Monitoring and Reporting System for the
National State-Based Tobacco Control Programs
Cooperative Agreement
Part b: Statistical Methods
August 07, 2015
Contact: Christopher J. Kissler, MPH
Telephone: 770.488.5374
E-mail: cpk2@cdc.gov
National Center for Chronic Disease
Prevention and Health Promotion
Centers for Disease Prevention and Control
Atlanta, Georgia
TABLE OF CONTENTS
1. Respondent Universe and Sampling Methods
2. Procedures for the Collection of Information
3. Methods to Maximize Response Rates and Deal with Nonresponse
4. Test of Procedures or Methods to be Undertaken
5. Individuals Consulted on Statistical Aspects and Individuals Collecting and/or Analyzing Data
List of Attachments
a. Public Health Service Act 42 U.S.C. 247b (k)(2), Section 317(k)(2)
b. Comprehensive Smoking Education Act of 1984
c. Comprehensive Smokeless Tobacco Health Education Act of 1986
List of Awardees
a. Federal Register Notice
b. Summary of Public Comments
a. Work Plan Tool
b. Budget Tool
B. Collections of Information Employing Statistical Methods
Respondent Universe and Sampling Methods
Respondents are 53 current awardees funded under two cooperative agreements, DP15-1509, National State-Based Tobacco Control Programs and DP14-1410PPHF14, Public Health Approaches for Ensuring Quitline Capacity. Awardees consist of state health departments in all 50 states, District of Columbia, Puerto Rico and Guam (Attachment 2) and are funded to implement evidence-based environmental, policy, and systems strategies and activities to reduce tobacco use, secondhand smoke exposure, tobacco-related disparities and associated disease, disability, and death.
No statistical sampling method will be used.
Procedures for the Collection of Information
Information will be collected from awardees on an annual basis. Awardees will report progress on their work plan objectives, activities, and performance measures. Two tools have been developed to collect this information: an Excel-based Work Plan Tool (Attachment 4a) and an Excel-based Budget Tool (Attachment 4b). Awardees will submit their continuation application for funding, which will include completed Excel spreadsheets, tailored for their specific work plans, and Word documents by uploading them at www.grants.gov on an annual basis. Instructions and training will be provided to users for completing the templates.
Upon receipt of information from each awardee, CDC’s contractor will enter the information into an Access database.
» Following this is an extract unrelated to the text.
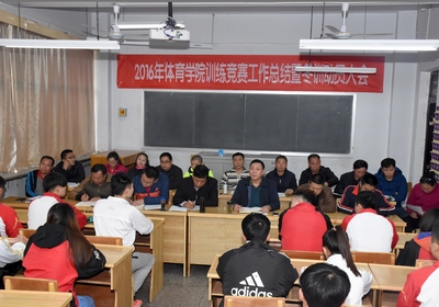 304永利集团2016年训练竞赛工作总结暨冬训动员大会在教学楼六教室召开。公司党委书记李学刚、经理郑旗,田径代表队、女子足球队、健美操代表队、武术套路代表队等11支代表队全体教练员及运动员代表参加了会议。会议由体育教育系副主任张杰主持。
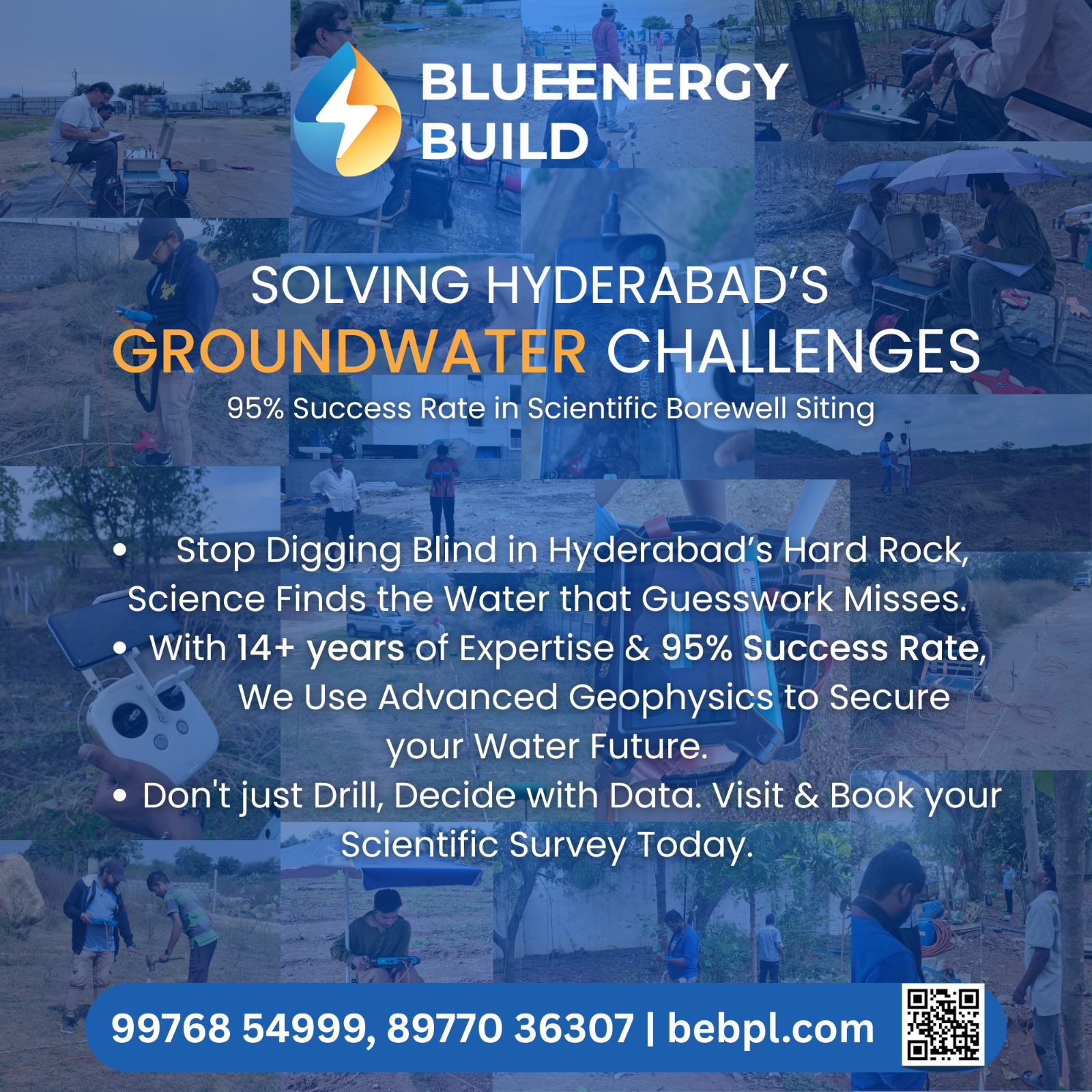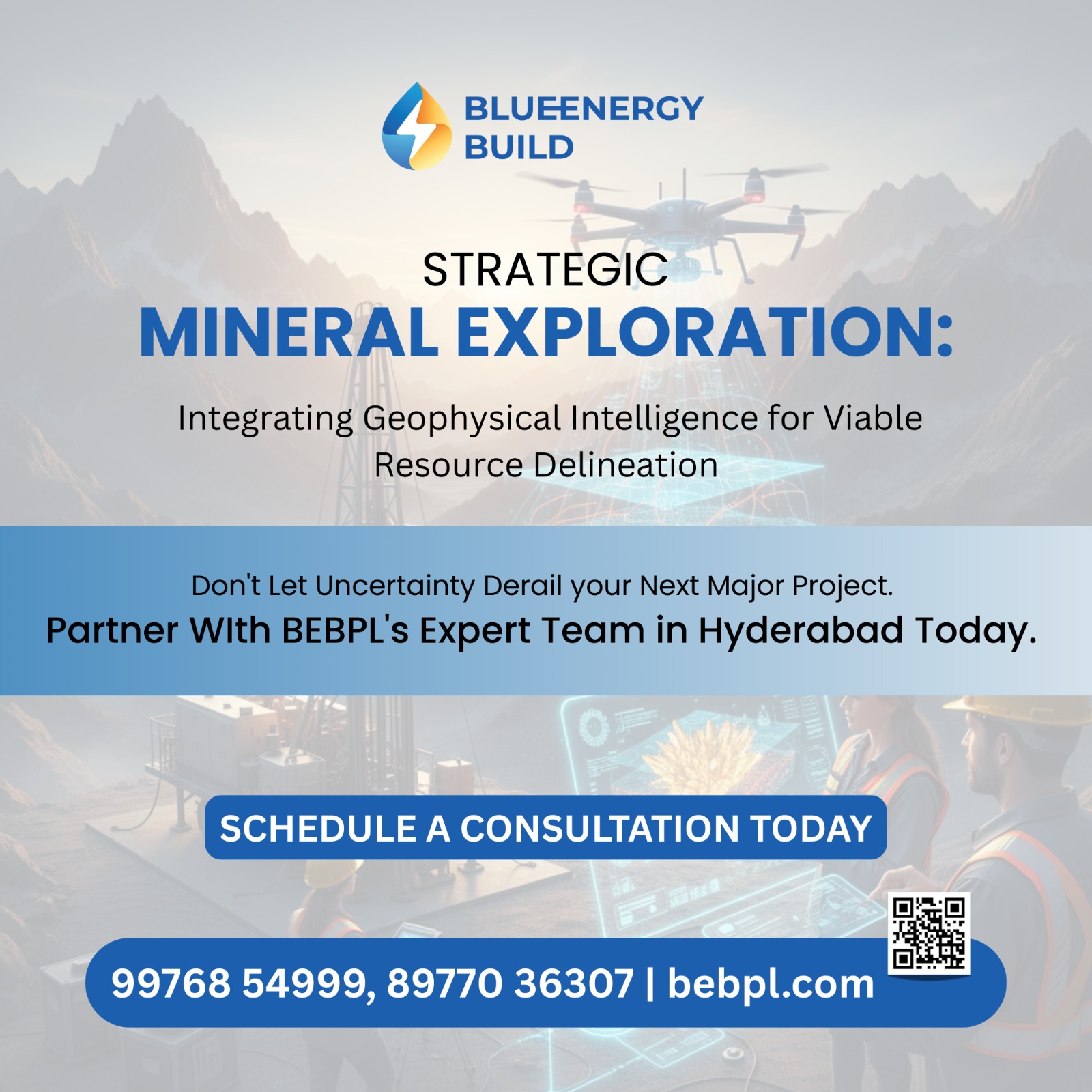 BlueEnergy Build Private Limited (BEBPL) is a leader in survey, investigations, and sustainable solutions for the water, mineral, and construction sectors. BEBPL uses advanced topographical, hydrological, geological, and geophysical methods, including Remote Sensing & GIS, to drive towards a sustainable future. The company offers a comprehensive range of services, including Water Management Plans, Groundwater Exploration, Mineral Exploration, Geotechnical Surveys (like GPR), and Environmental Impact Assessment (EIA) Studies, aiming to unlock the Earth’s potential and ensure resources are managed wisely and responsibly for a positive impact.

The database will only be available to authorized CDC program staff and contractors. Responses will be stored on secure network servers subject to the agency’s computer security measures. CDC staff will have the capacity to query the database to extract individual or aggregate awardee-related data. CDC staff will generate reports for each of their assigned states on an annual basis.
Methods to Maximize Response Rates and Deal with Nonresponse
Annual reports are a requirement for each state department of health awarded in order to continue to funding. Hence, response rates are expected to be 100%.
Test of Procedures or Methods to be Undertaken
Beta-testing of the Workplan tool and Budget Tool with no more than nine awardees from select states will occur prior to full scale implementation of the reporting tool for annual data collection with all awardees. CDC staff will send the Work Plan Tool and Budget Tool with an explanatory email to pilot testers. CDC staff will also train testers on collecting information using the tools. Beta-testing will assess the content of the reporting tools, the design of the tool including skip patterns and drop-down menus, the time needed to complete the tool and the ease of completing the tool. Awardees and will provide feedback via completion of a questionnaire and limited participation in focus groups.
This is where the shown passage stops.